### AIM OF THE EXERCISE
Given these entries, repeat exactly the lines starting with the one that has "iGame GeForce RTX" and going on through the one that has "You will have", both included, but none of the pictures.

======== DATA EXTRACTS ========

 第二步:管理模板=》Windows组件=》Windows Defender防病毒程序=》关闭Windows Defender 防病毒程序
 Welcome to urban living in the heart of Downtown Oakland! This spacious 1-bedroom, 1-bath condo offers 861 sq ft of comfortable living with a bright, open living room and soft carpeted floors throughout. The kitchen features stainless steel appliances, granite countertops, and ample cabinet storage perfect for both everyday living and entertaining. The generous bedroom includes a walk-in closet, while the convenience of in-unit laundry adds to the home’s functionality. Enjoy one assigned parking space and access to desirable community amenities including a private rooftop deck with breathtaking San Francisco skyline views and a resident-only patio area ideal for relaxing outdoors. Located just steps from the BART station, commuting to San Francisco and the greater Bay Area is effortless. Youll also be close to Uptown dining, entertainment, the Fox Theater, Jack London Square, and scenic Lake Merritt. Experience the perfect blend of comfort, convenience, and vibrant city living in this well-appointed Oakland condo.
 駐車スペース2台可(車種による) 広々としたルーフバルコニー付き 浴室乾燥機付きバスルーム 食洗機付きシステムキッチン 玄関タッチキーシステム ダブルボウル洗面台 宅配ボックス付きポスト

========
======== DATA EXTRACTS ========

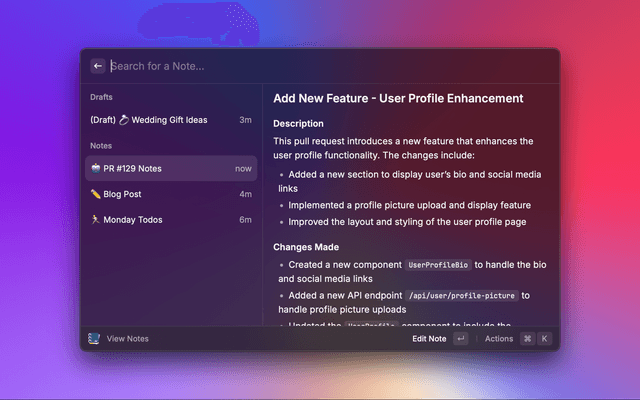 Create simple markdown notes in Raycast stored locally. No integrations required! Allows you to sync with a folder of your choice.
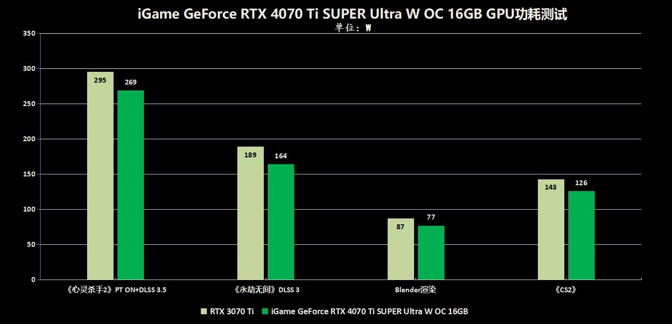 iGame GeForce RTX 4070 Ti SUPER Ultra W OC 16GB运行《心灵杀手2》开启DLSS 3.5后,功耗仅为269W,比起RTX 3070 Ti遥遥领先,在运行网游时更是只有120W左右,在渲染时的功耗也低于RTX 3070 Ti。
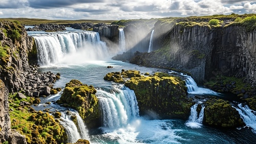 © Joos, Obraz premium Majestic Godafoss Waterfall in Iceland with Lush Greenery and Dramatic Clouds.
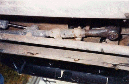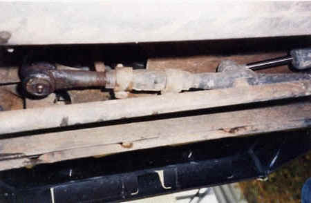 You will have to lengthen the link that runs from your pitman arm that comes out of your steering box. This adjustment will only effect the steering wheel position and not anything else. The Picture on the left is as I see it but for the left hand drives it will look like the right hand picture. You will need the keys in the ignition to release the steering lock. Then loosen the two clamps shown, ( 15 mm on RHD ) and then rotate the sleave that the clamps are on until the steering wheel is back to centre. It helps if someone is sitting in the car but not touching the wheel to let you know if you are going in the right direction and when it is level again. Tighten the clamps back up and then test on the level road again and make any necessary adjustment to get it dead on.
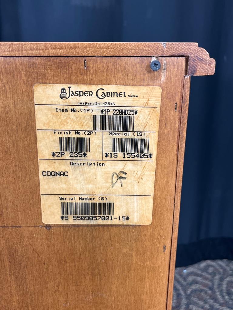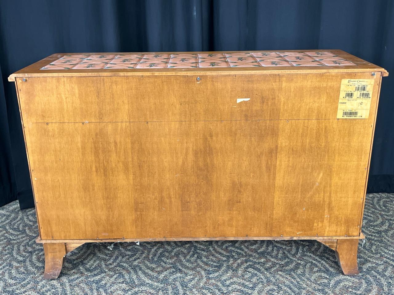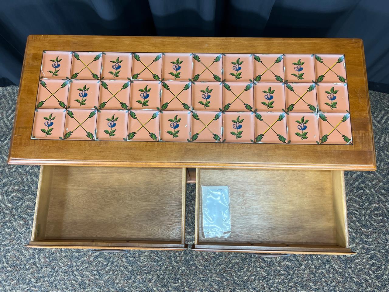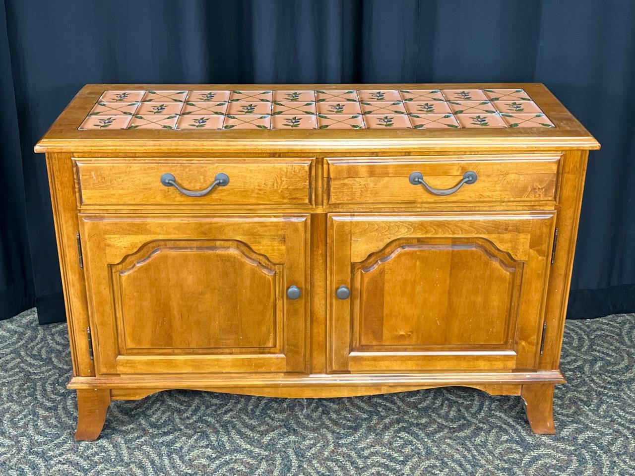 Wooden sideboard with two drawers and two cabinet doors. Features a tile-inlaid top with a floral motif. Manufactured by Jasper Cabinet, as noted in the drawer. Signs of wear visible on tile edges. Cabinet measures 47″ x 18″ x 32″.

========

### REPLY
 iGame GeForce RTX 4070 Ti SUPER Ultra W OC 16GB运行《心灵杀手2》开启DLSS 3.5后,功耗仅为269W,比起RTX 3070 Ti遥遥领先,在运行网游时更是只有120W左右,在渲染时的功耗也低于RTX 3070 Ti。
 © Joos, Obraz premium Majestic Godafoss Waterfall in Iceland with Lush Greenery and Dramatic Clouds.
 You will have to lengthen the link that runs from your pitman arm that comes out of your steering box. This adjustment will only effect the steering wheel position and not anything else. The Picture on the left is as I see it but for the left hand drives it will look like the right hand picture. You will need the keys in the ignition to release the steering lock. Then loosen the two clamps shown, ( 15 mm on RHD ) and then rotate the sleave that the clamps are on until the steering wheel is back to centre. It helps if someone is sitting in the car but not touching the wheel to let you know if you are going in the right direction and when it is level again. Tighten the clamps back up and then test on the level road again and make any necessary adjustment to get it dead on.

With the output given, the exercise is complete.